+++ Exercise data +++
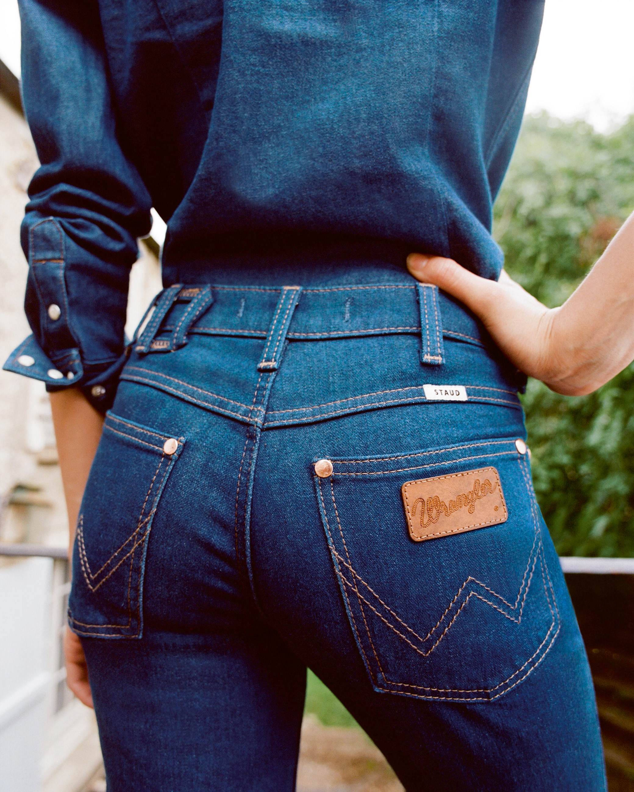 September 7, 2023 (LOS ANGELES, CA) — STAUD, the Los Angeles-based fashion brand, announces its collaboration with Wrangler®, the legendary global jeanswear brand. This partnership marks a union of two American fashion industry leaders, combining STAUD's modern California aesthetic with Wrangler's deep-rooted authority in denim and the authentic western lifestyle.
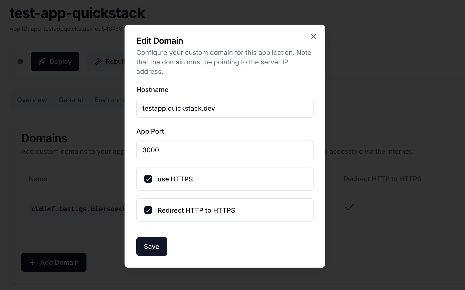 Add a custom domain and enable HTTPS for your QuickStack application.
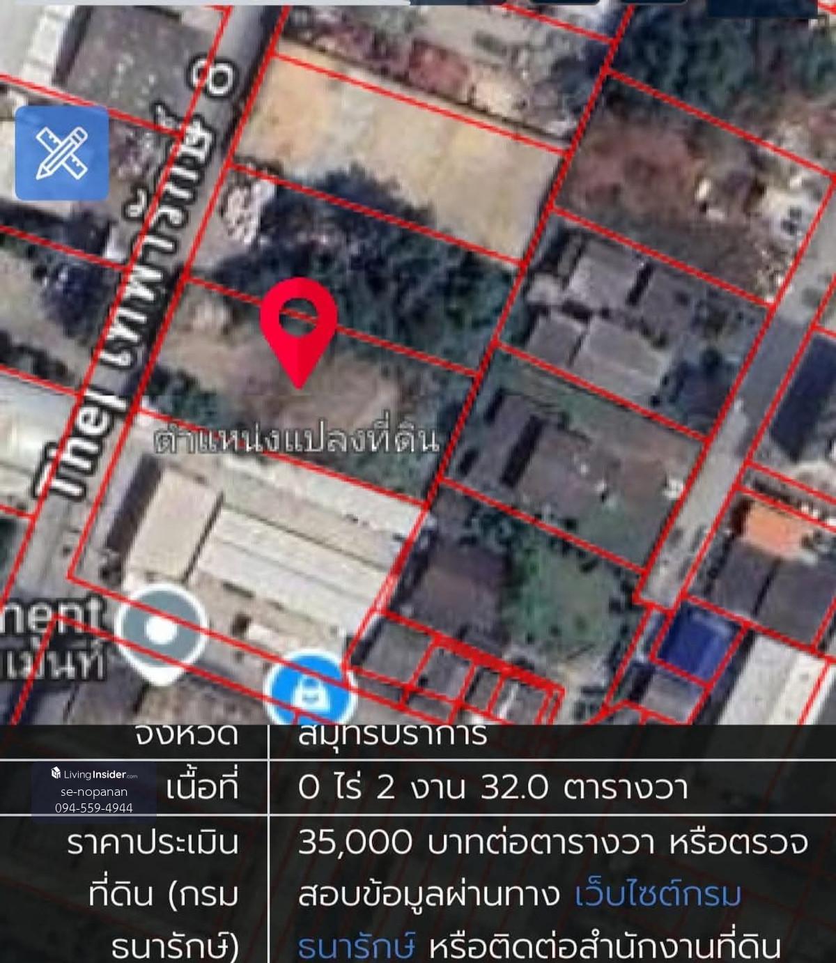 🚨 ด่วน! ที่ดินทำเลทอง ใกล้ BTS สำโรง แค่ 400 ม. 🚨 โอกาสแบบนี้มีไม่บ่อย รีบจองก่อนหลุด! 📍 ขนาด 2 งาน 32 ตร.ว 💰 ราคาเพียง 75,000/ตร.ว 📌 เข้า-ออกสะดวก ซอยเทพารักษ์ 8 แค่ 250 ม. ✅ ที่ถมแล้ว พร้อมสร้างทันท
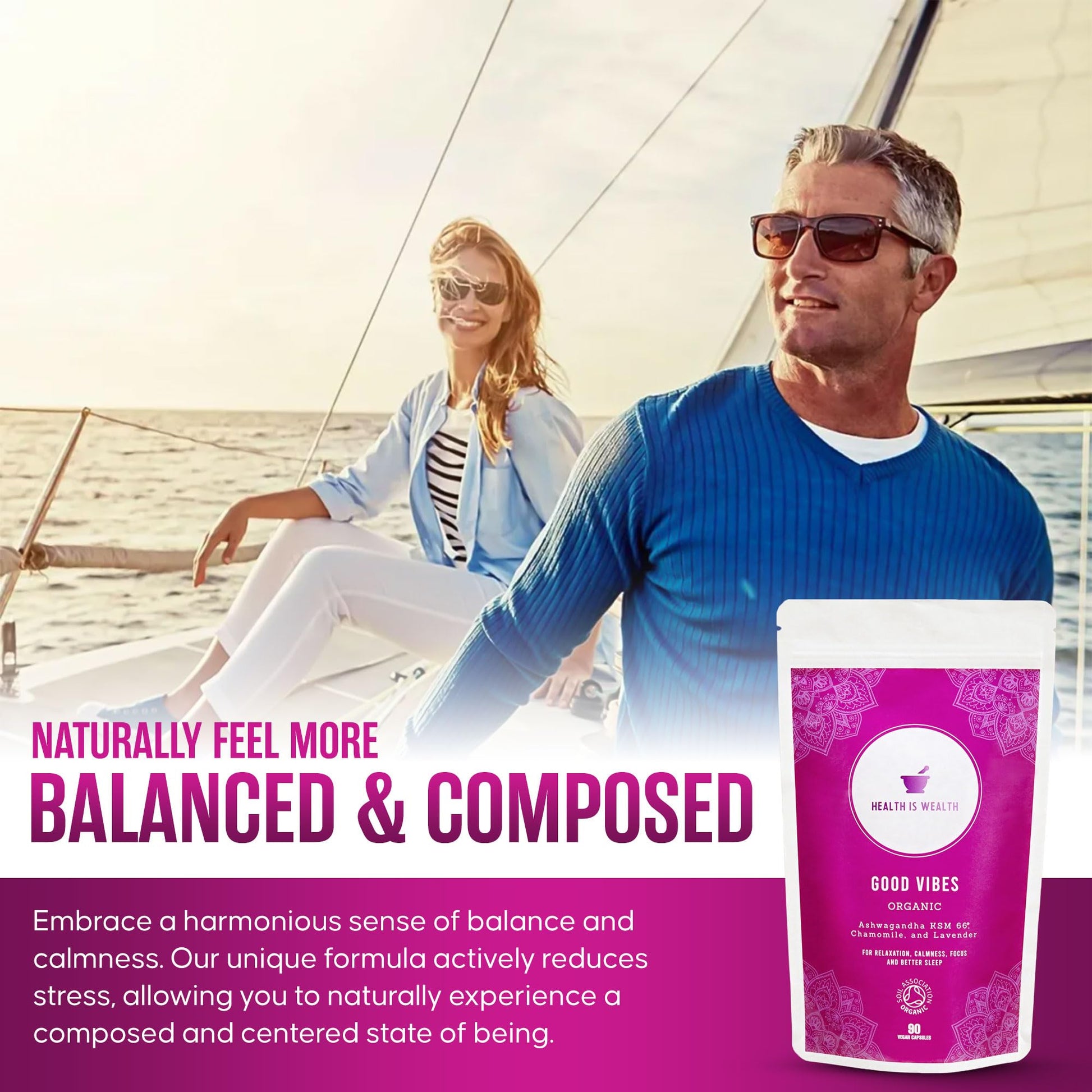 90 Vegan Capsules. This unique supplement combines multiple potent organic herbal ingredients for maximum impact. KSM 66 Ashwagandha, combined with Lavender and Chamomile is very effective at reducing stress hormones and inducing a sense of calm. You should feel a noticeable effect on sleep within 1 to 2 days, and lower stress, and calmer within 3 - 4 days of continued use. The blend's effectiveness makes this easy-to-swallow capsule a perfect solution for people suffering from sleep or stress problems. Our product contains 300 milligram of Organic KSM Ashwagandha, 200 milligram of Organic Chamomile, and 100 grams of Organic Lavender. Completely organic and natural - even the capsule shells are made from plant fibres. Organic plants have a higher nutritional value than conventional supplements because of the absence of pesticides and fertilisers. This restores the plant's natural healing qualities and boosts the production of phytochemicals (vitamins and antioxidants). They are also much better for the environment, including animals. At Good Health True Wealth, we care about the environment. That s why we ve ensured that our packaging is 100% compostable, leaving no harmful waste behind. We also believe that the survival of bees is vital as they play a crucial role in our ecosystem. They actually pollinate 75% of our essential food crops. To ensure they get the help they need, we donate 50 Percent of every sale to the Bumblebee Conservation Trust.More Info
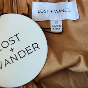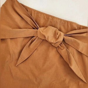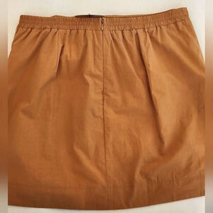 Rust colored mini skirt in size 1x by Lost+Wander. This is a casual skirt with an athletic type of fabric. The sash and bow make a darling added detail. The waistband has elastic across the back with a zip closure and hook and eye. The skirt is lined.
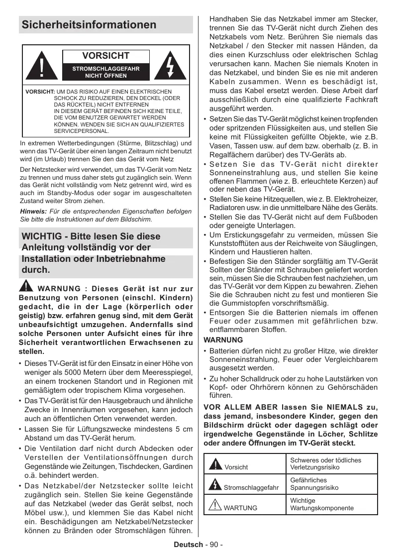 + Stellen Sie IMMER sicher, dass das TV-Gerät nicht
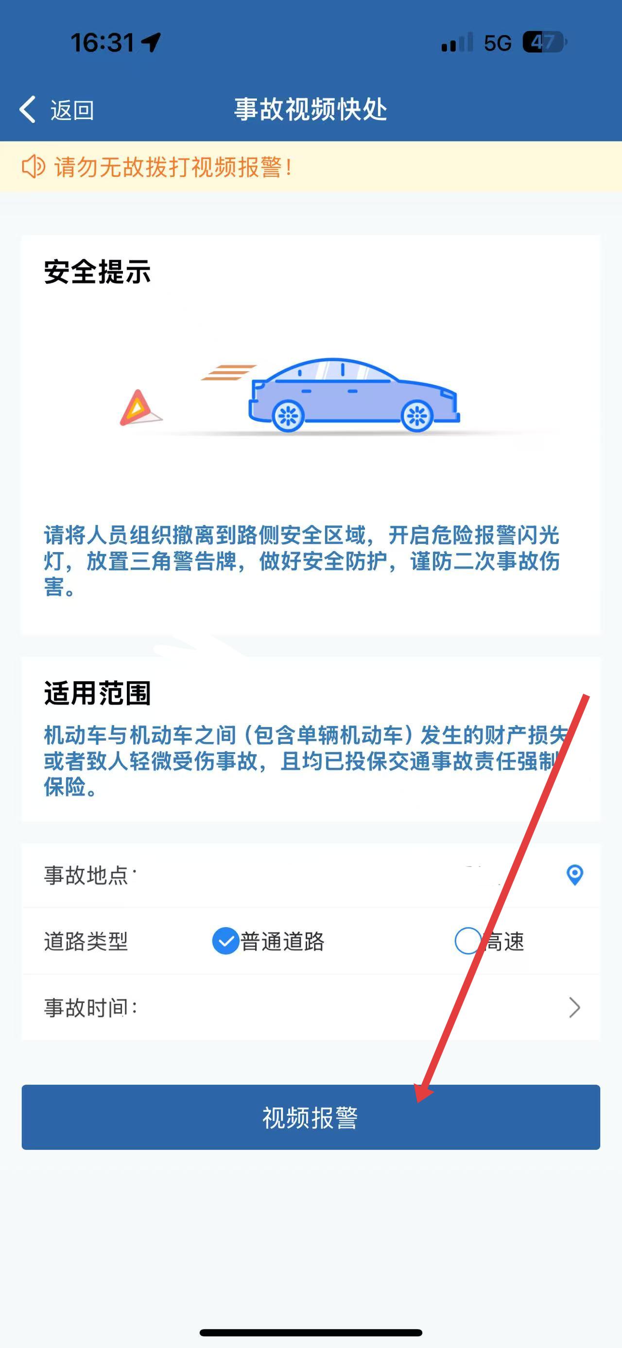 2、在事故視頻快處界面,閱讀安全提示和適用范圍后,填寫(xiě)事故地點(diǎn)、道路類(lèi)型等信息,再點(diǎn)擊視頻報(bào)警。
+++
Set the pictures aside and reproduce exactly the lines above, from the line holding "Add a custom" through the line holding "90 Vegan Capsules.", both included, with nothing else.

* **Exercise output**
 Add a custom domain and enable HTTPS for your QuickStack application.
 🚨 ด่วน! ที่ดินทำเลทอง ใกล้ BTS สำโรง แค่ 400 ม. 🚨 โอกาสแบบนี้มีไม่บ่อย รีบจองก่อนหลุด! 📍 ขนาด 2 งาน 32 ตร.ว 💰 ราคาเพียง 75,000/ตร.ว 📌 เข้า-ออกสะดวก ซอยเทพารักษ์ 8 แค่ 250 ม. ✅ ที่ถมแล้ว พร้อมสร้างทันท
 90 Vegan Capsules. This unique supplement combines multiple potent organic herbal ingredients for maximum impact. KSM 66 Ashwagandha, combined with Lavender and Chamomile is very effective at reducing stress hormones and inducing a sense of calm. You should feel a noticeable effect on sleep within 1 to 2 days, and lower stress, and calmer within 3 - 4 days of continued use. The blend's effectiveness makes this easy-to-swallow capsule a perfect solution for people suffering from sleep or stress problems. Our product contains 300 milligram of Organic KSM Ashwagandha, 200 milligram of Organic Chamomile, and 100 grams of Organic Lavender. Completely organic and natural - even the capsule shells are made from plant fibres. Organic plants have a higher nutritional value than conventional supplements because of the absence of pesticides and fertilisers. This restores the plant's natural healing qualities and boosts the production of phytochemicals (vitamins and antioxidants). They are also much better for the environment, including animals. At Good Health True Wealth, we care about the environment. That s why we ve ensured that our packaging is 100% compostable, leaving no harmful waste behind. We also believe that the survival of bees is vital as they play a crucial role in our ecosystem. They actually pollinate 75% of our essential food crops. To ensure they get the help they need, we donate 50 Percent of every sale to the Bumblebee Conservation Trust.More Info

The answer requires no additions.